The seven vowel sounds may also be either lengthened //iː eː ɛː aː ɔː oː uː// or nasalized //ĩ ẽ ɛ̃ ã ɔ̃ õ ũ//.

==Writing systems==

=== N'Ko alphabet ===
The N'Ko script is an indigenous writing system for the Manding language continuum, invented in 1949 by Solomana Kanté, a Guinean educator. Today, the script has been digitised as part of Unicode, which allows it to be used easily online, but the lack of funding and the official status of French means that use of this alphabet largely happens outside of formal education and is not systematically used on street signs, etc.

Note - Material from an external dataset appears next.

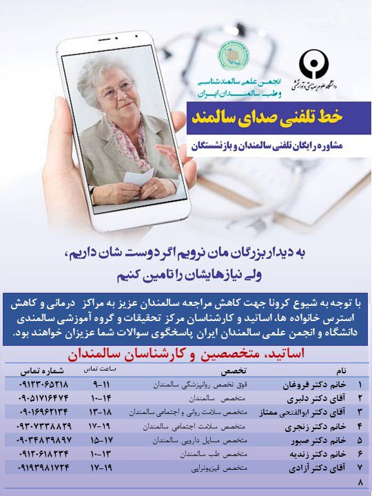 وی تصریح کرد که این پویش هم اکنون از توان حرفه ای و تخصصی جمعی از اساتید و متخصصان حوزه سالمندان و طب سالمندی بهره مند شده است تا بصورت غیرحضوری و از طریق " تلفن "، بتوانند به سالمندان نیازمند به خدمات مشاوره روانشناختی و اجتماعی، ارائه خدمت نمایند.

=== Latin alphabet and orthography ===
Dioula orthography is regulated in Burkina Faso by the Dioula Sub-Commission of the National Commission for Languages. On 15 July 1971, the National Sub-Commission for Dioula was created and on 16 July 1971, it began a study in order to set the Dioula alphabet. An alphabet was published on 27 July 1973 and gained official status on 2 February 1979. Some letters were added later, c, j for borrowed words, and others were replaced: sh by s, and ny by ɲ.

Dioula Alphabet
A: B; C; D; E; Ɛ; F; G; H; I; J; K; L; M; N; Ɲ; Ŋ; O; Ɔ; P; R; S; T; U; V; W; Y; Z
a: b; c; d; e; ɛ; f; g; h; i; j; k; l; m; n; ɲ; ŋ; o; ɔ; p; r; s; t; u; v; w; y; z
Phonetic value
a: b; c; d; e; ɛ; f; g; h; i; ɟ; k; l; m; n; ɲ; ŋ; o; ɔ; p; r; s; t; u; v; w; j; z

In Burkina Faso, the Dioula alphabet is made up of 28 letters each representing a single phoneme. In the orthography, long vowels are represented by doubled letters; thus, /e/ is written e and /eː/, ee. The nasalisation of a vowel is written followed by an n; for example, /ẽ/ is written en.

The notation of tones was recommended in 1973, but in practice they are not written. The transcription guide published in 2003 does not reiterate this recommendation. Tones are noted solely in lexicographical works. However, to avoid ambiguity, tone marking is obligatory in certain cases.

For example:

- a he/she (third person singular pronoun)
- á you (second person plural pronoun)

== Media ==
Dioula can be heard spoken in the 2004 film Night of Truth, directed by Fanta Régina Nacro, Burkina Faso's first female director.